Kevin’s offering starts with a build-your-own breakfast section, encompassing everything you’d need to construct your ideal brekkie. If you’re feeling adventurous, though, Kevin’s signatures are where you’ll want to start. Take the avocado toast, for example – here it’s elevated with zucchini, yuzu, goats cheese and seven-spice pepitas. The ‘nduja scramble is a spicy number featuring soft herbs, smoked yoghurt and biang biang sauce, while the summer chai semolina porridge is a refreshing riff featuring blood plums, elderflower, coconut crumbs and lemon honey.
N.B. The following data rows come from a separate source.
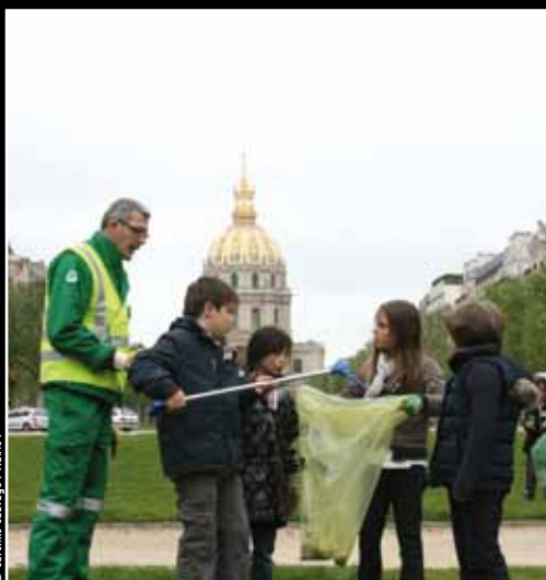
Les 17 et 28 mai, « Opérations éco-jeunes » avenue de Breteuil : ramassage des déchets jonchant les espaces verts, action de prévention et distribution de cendriers portatifs à la sortie du lycée Duruy. 7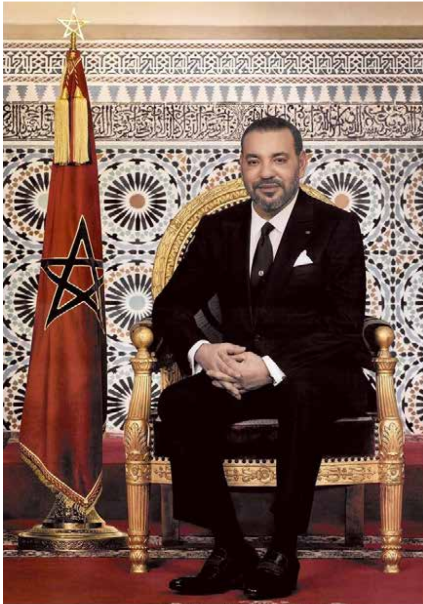
صاحب الجلالة الملك محمد السادس نصره الله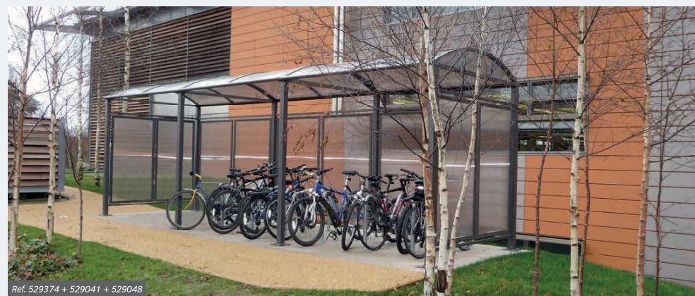
Ref. 529374 + 529041 + 529048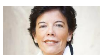
Isabel Celaá, Ministra Portavoz y Ministra de Educación y Formación Profesional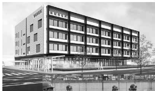
新庁舎完成イメージ図

地方自治法の一部改正に伴い、個人市民税における住宅借入金特別税額控除について、適用期限を延長するため必要である。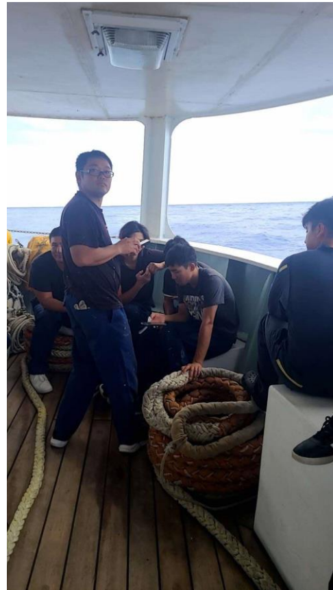
圏内に入りました！ 実習生・・・乗組員もスマホを 持ってデッキへ！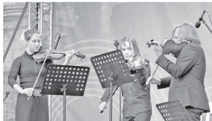
Момент выступления артистов.

Удмуртской Республике, Владимирской и Тюменской областях. Музыканты такого высокого уровня неслучайно выбрали для концерта нашу территорию. Ведь усадьба «Знаменское-Раёк» вдохновляет на творчество, входит в число самых неповторимых исторических памятников – творений нашего знаменитого земляка Н.А. Львова.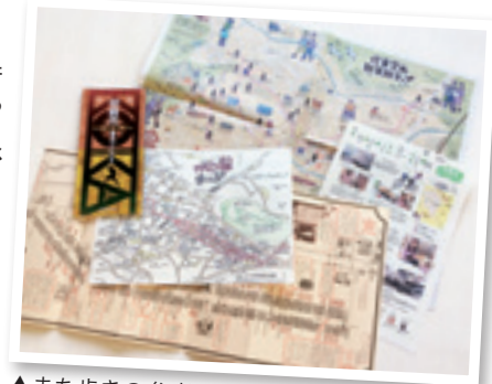
▲まち歩き参考になる市内観光マップ

イイネで気づく 街の魅力があるのかも 市内にはたくさんの観光資源がありますが、そうでなくても街や人の朝の風景、消えゆく景色などそこに住んでいる人ならではの写真が撮れるはず。撮った写真はよく観察して愛着を深めてください。対象をじっくり見ることが、新しい発見や見過ごしていた魅力・価値に気づく機会になります。そして、ぜひブログやSNSに投稿してください。訓練は必要かもしれませんが、そうやって撮った写真はプロが撮った観光写真とは違った魅力があるはず。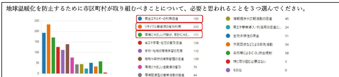
当日展示する「大学生の環境意識調査」より一部抜粋

また、本学の大学生を対象として行った SDGs ならびに地球温暖化を抑制するための CO2排出削減についての意識調査の結果をまとめたパネル展示も実施します。学生が環境問題についてどのような考えを持っているのか、どのように対応しようと思っているのかを明らかにし、学生が環境活動に参加しやすくするための課題と改善策を報告します。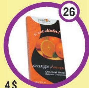
4 $ Barre de chocolat noir à l'orange 100 g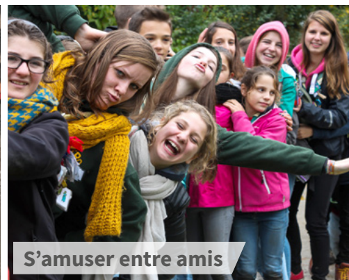
S'amuser entre amis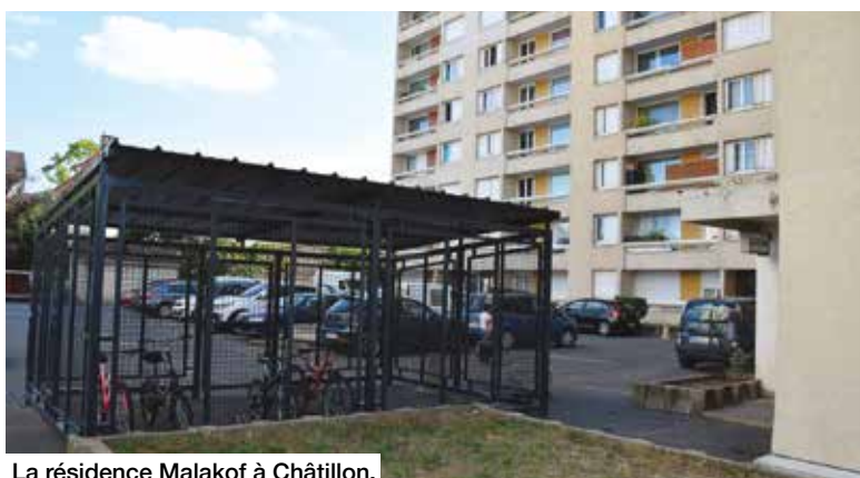
La résidence Malakof à Châtillon.

Également créé en 1949, le patrimoine de Châtillon Habitat se composait de 1365 logements regroupés en 15 ensembles immobiliers, 14 locaux commerciaux et 1097 places de stationnements.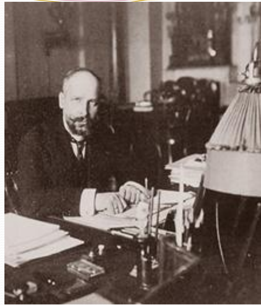
Одна из последних фотографий Столыпина. 1911 г.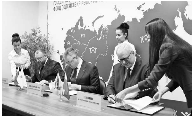
В Москве состоялось подписание ряда соглашений о сотрудничестве между правительством Ставрополья и Фондом развития территорий

Благодаря привлечённым средствам из Фонда развития территорий, объём которых составляет порядка 2,7 млн рублей, в 2023-2024 годах на Ставрополье будут проведены работы на 19 объектах водоснабжения. Также на реализацию этих проектов из регионального бюджета будет привлечено более 675 млн рублей.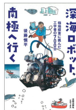
深海ロボット、南極へ行く :極地探査に挑んだ工学者の700日 後藤慎平 著 太郎次郎社エディタス 2,090円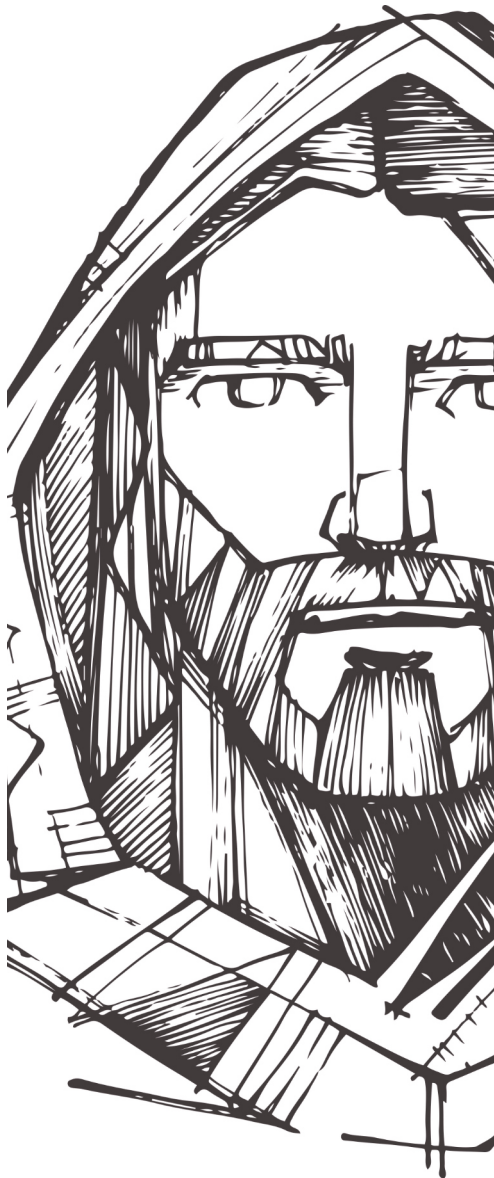
Conception de la maquette : Jérémie Laliberré. Préparation du feuillet biblique : Yves Guérette

48 là où le ver ne meurt pas et où le feu ne s'éteint pas.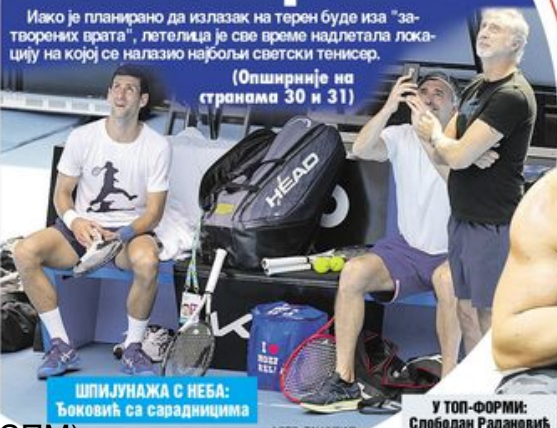
ШПИЈУНАЖА С НЕБА: Ђоковић са сарадницима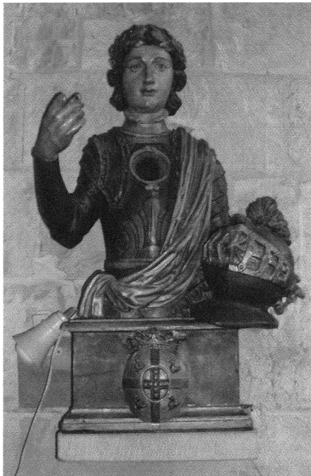
Borstbeeld met relikwie van Sint-Gangulfus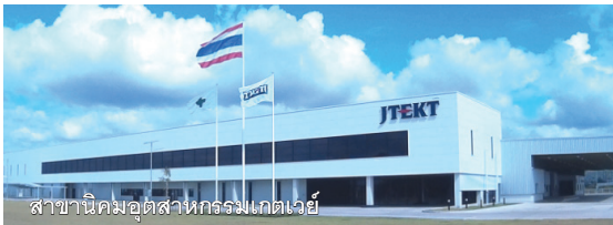
สาขานิคมอุตสาหกรรมเกตเวย์

TYPE OF BUSSINESS: ผลิตและจำหน่ายชิ้นส่วนยานยนต์ ประเภท Bearing , Steering , Driveline Components.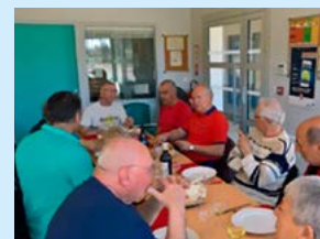
À table !

ments, on regarde ensemble des matches à la télé (et pas seulement du tennis) et surtout, on mange ensemble. Les petits, les équipes, les vieux, pardon, les Vétérans. Goûters, raclette, cassoulet ; et ce n'est pas fini, le temps des grillades arrive. Et c'est joyeux (même si ça n'apparaît pas vraiment sur la photo du cassoulet des vétérans !). Ces bâtiments vivent ! Que c'est agréable de les voir éclairés et animés, le soir ! Bref, tout le monde est heureux, de 5 à 7... ans.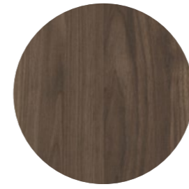
noyer torino Selva NU 731 Page 13

Other stand-out options include the pickled cherries with labneh, shaved almonds and chilli honey, the grilled swordfish burger with broccoli pesto and house tartare, and the Ultimate Katsu Sando – a two-hander comprising crumbed chicken, green tomato, slaw and shichimi kewpie.

As is to be expected from a cafe run by two coffee gurus, Kevin is the place to go for a primo pour. “There’ll be a lot of takeaway coffee and it’ll be pretty espresso heavy,” explains Sam, who reveals that Kevin will soon be the first cafe account to serve Dibs outside of the roaster’s Albion HQ. “But we also have cold drip, two batch brews and we’ll have a rotating list of frozen single origins as well – it’s a bit of a reserve menu of a couple of really nice geishas that we’ve got in storage at the moment.”

Good news New Farm locals, brunch hunters and coffee fiends – Kevin is now open and it’s trading every day of the year (including all public holidays).